### What the task requires
Starting with the line that has "In addition, there" in the records below and ending with the line that has "Вязаный свитер с", output those lines exactly and nothing more; omit the pictures.

Top of Task input

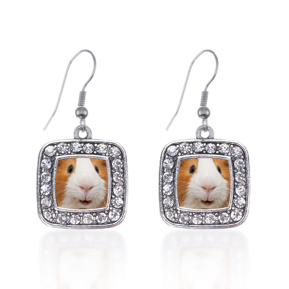 Our sparkling dangle earrings, equipped with a stylish french hook backing and the I Love Guinea Pigs square charm, is crafted from white metal with a silver plated finish and accented with cubic zirconia stones.
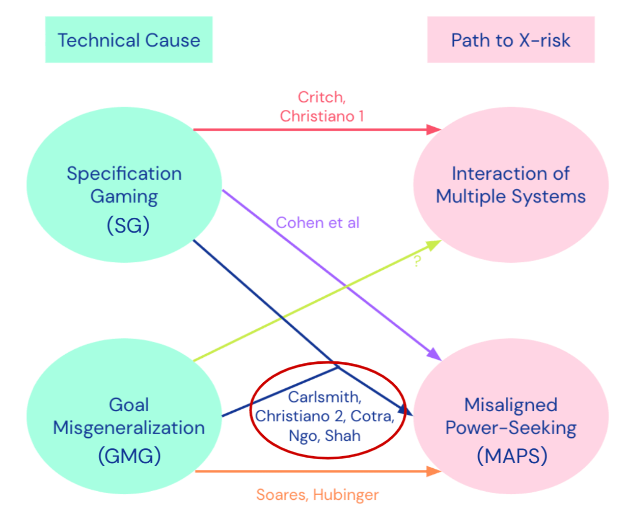 We consider possible technical causes of the risk, which are either specification gaming (SG) or goal misgeneralization (GMG), and the path that leads to existential risk, either through the interaction of multiple systems or through a misaligned power-seeking system.
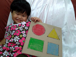 Untuk mengalihkannya, Bunda buatkan puzzle yang super sederhana untuk Kakak Salma. "Puzzle Bentuk Dasar"
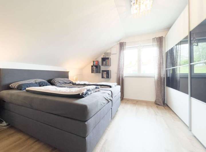 - Schlafräume mit hochwertigen Laminatböden in Eiche-Optik
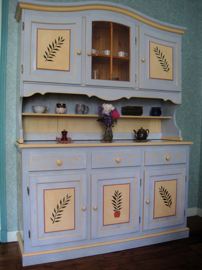 Vaisselier table et chaises provençal peints à la main, style shabby chic
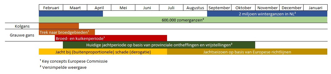 Ganzen in Nederland broeden vanaf februari, tot begin juli verzorgen zij hun jongen en ruien zij hun vleugelpennen. Dit betekent dat ganzen en hun jongen een aantal weken beide (nog) niet kunnen vliegen. Overheden maken van deze kwetsbaarheid gebruik om de aantallen ganzen in hun provincie terug te brengen. Dit doen zij onder andere door het vernielen van eieren en nesten, het (laten) schieten van ganzen terwijl ze op het nest zitten, en het vangen en vergassen van ganzen en hun jongen. In ons land mag in de meeste provincies van maart tot en met oktober worden gejaagd op ganzen, om schade te voorkomen en om de populaties terug te brengen in aantal.
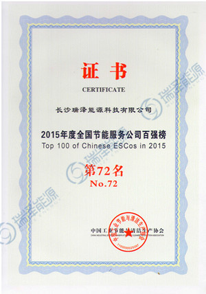 在近日舉辦的“中國節(jié)能服務(wù)產(chǎn)業(yè)發(fā)展論壇暨2015中國節(jié)能服務(wù)公司百強榜發(fā)布會”上,中國工業(yè)節(jié)能與清潔生產(chǎn)協(xié)會發(fā)布了2015年度中國節(jié)能服務(wù)公司百強榜榜單及研究報告。長沙瑞澤能源科技有限公司榮登百強榜單。
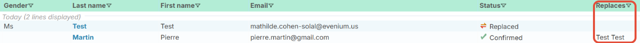 In addition, there is a column that allows you to display the name of the original guest next to the replacement: It is called Replaces [First and Last Name].
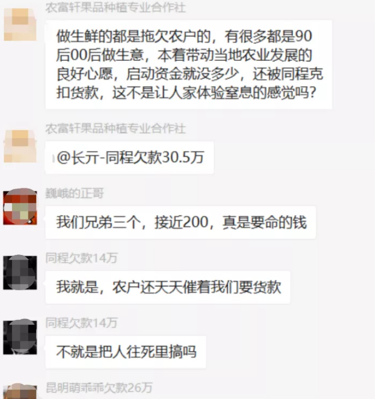 有供应商根据“同程讨债群”的接龙粗算,欠款高达6亿元左右。在这些群里,卖生鲜的、卖蔬菜的、卖日用品的,都变成了统一的名字“同程欠款14万”、“欠款26万”。
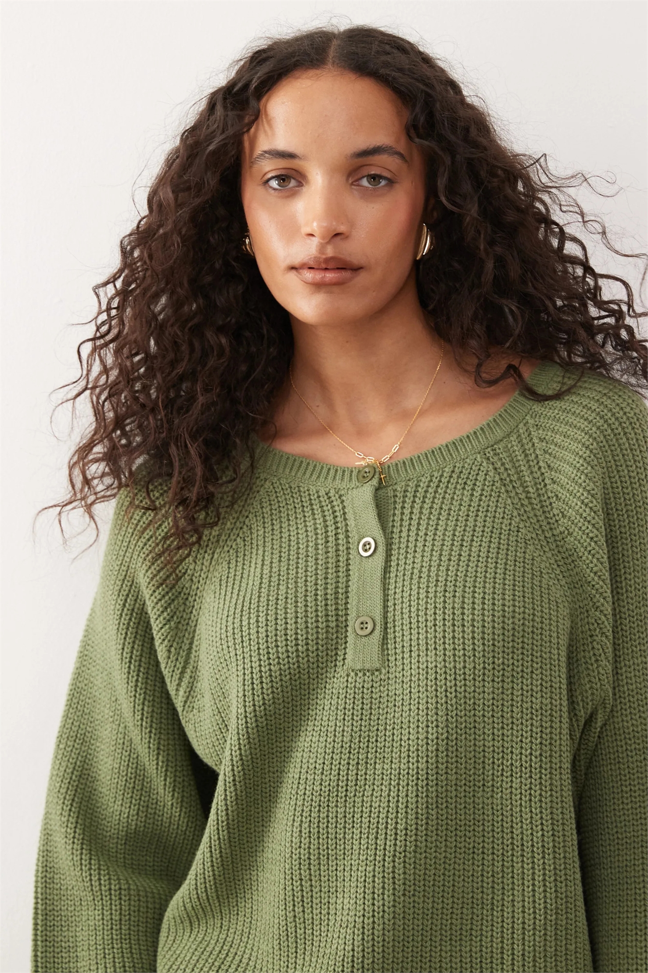 Вязаный свитер с раглановыми рукавами и пуговицами
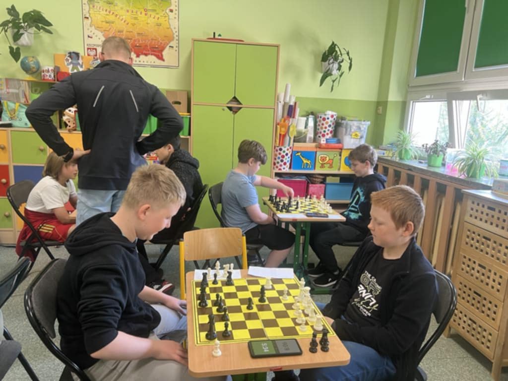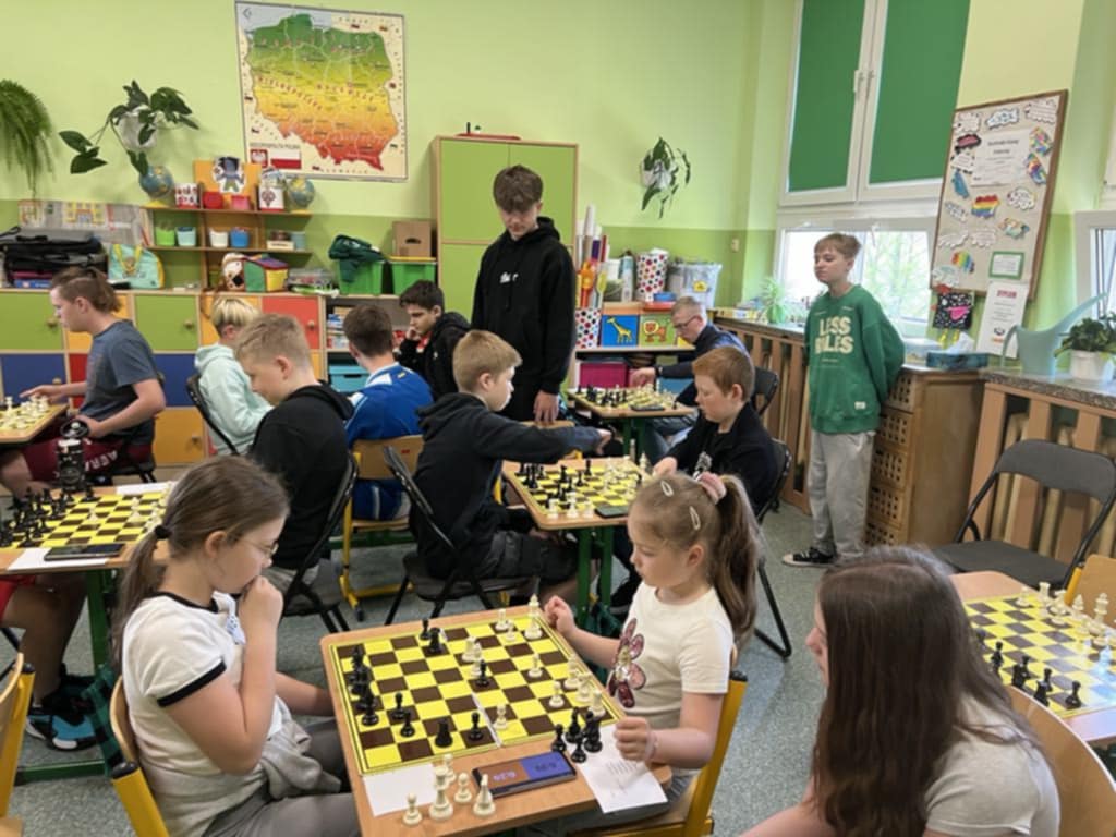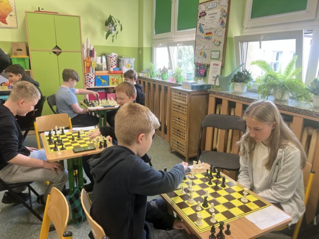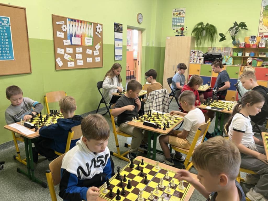 W dniu 23 kwietnia 2025r. w naszej szkole odbył się Wiosenny Turniej Szachowy. Najlepsi klasowi szachiści tworzyli trzyosobowe drużyny. Rozgrywki rozegrano systemem „każdy z każdym”, na czas 7 min 30s. Klasy I-III rozegrały 6 rund, a klasy IV-VIII rozegrały 9 rund. Uczniowie zdobywający 1 miejsce w kategorii indywidualnej zostali nagrodzeni pucharami, a z miejsca drugiego i trzeciego medalami. Wszyscy uczestnicy turnieju otrzymali dyplomy i nagrody w postaci szachowych gadżetów, które ufundowała Rada Rodziców. Serdecznie gratulujemy zwycięzcom oraz wszystkim graczom opanowania strategii i taktyki tej wyjątkowej dyscypliny sportu, która wymaga myślenia logicznego.
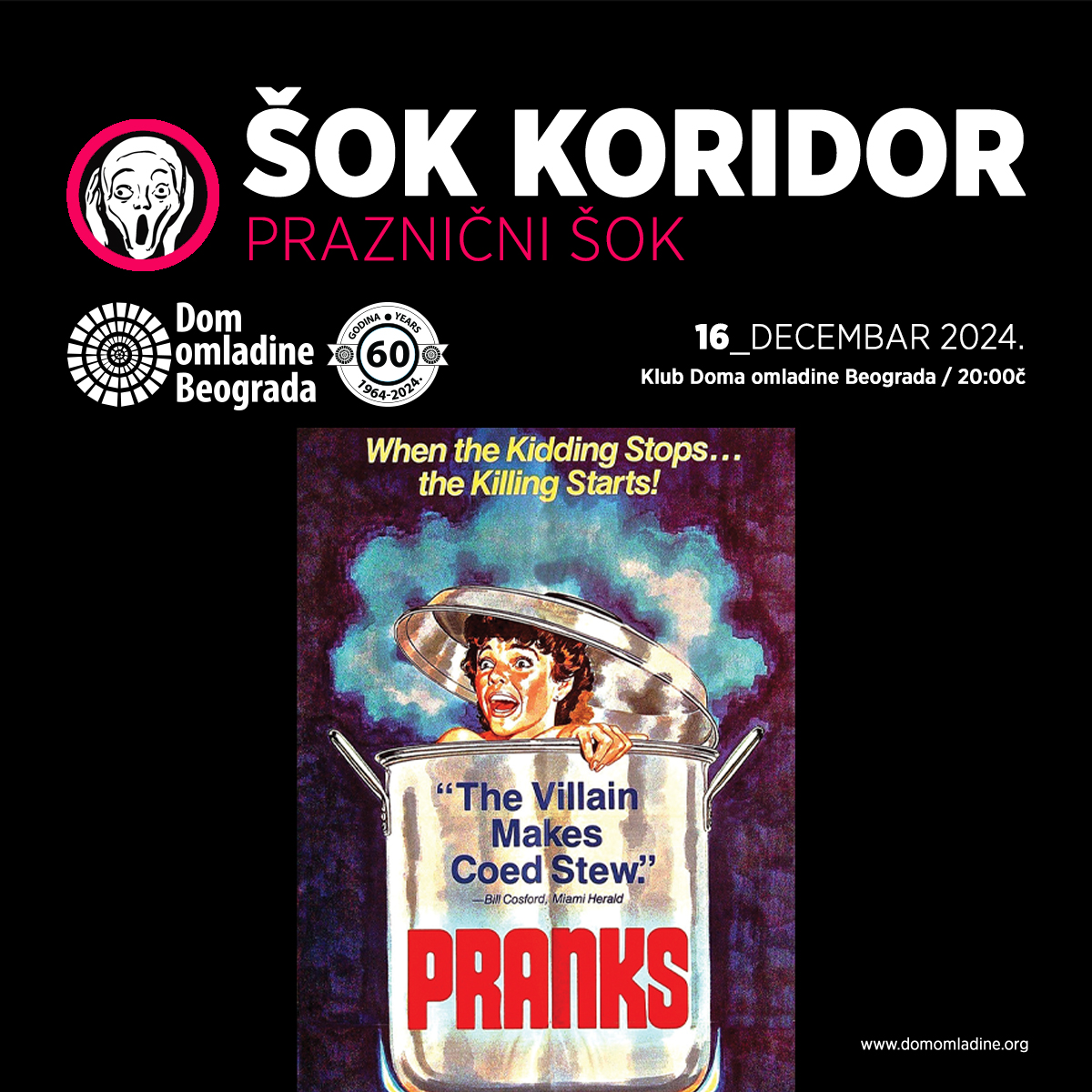 Poslednja tribina ove godine biće održana malo pre novogodišnjih praznika, tako da je red da temu posvetimo ovom prazničnom raspoloženju. Ne brinite, za razliku od svih koji ovom prilikom puštaju razne vesele filmove, Šok Koridor uvek nudi onu mračnu alternativu. Možda ona nekome i nije tako mračna. Prošetaćemo se kroz svetsku kinematografiju i pronaći za vas inserte iz filmova čiji su autori prazničnu atmosferu obojili uglavnom u krvavo crveno. Pridružite nam se u istraživanju PRAZNIČKOG ŠOKA!

Bottom of Task input

### Answer area
 In addition, there is a column that allows you to display the name of the original guest next to the replacement: It is called Replaces [First and Last Name].
 有供应商根据“同程讨债群”的接龙粗算,欠款高达6亿元左右。在这些群里,卖生鲜的、卖蔬菜的、卖日用品的,都变成了统一的名字“同程欠款14万”、“欠款26万”。
 Вязаный свитер с раглановыми рукавами и пуговицами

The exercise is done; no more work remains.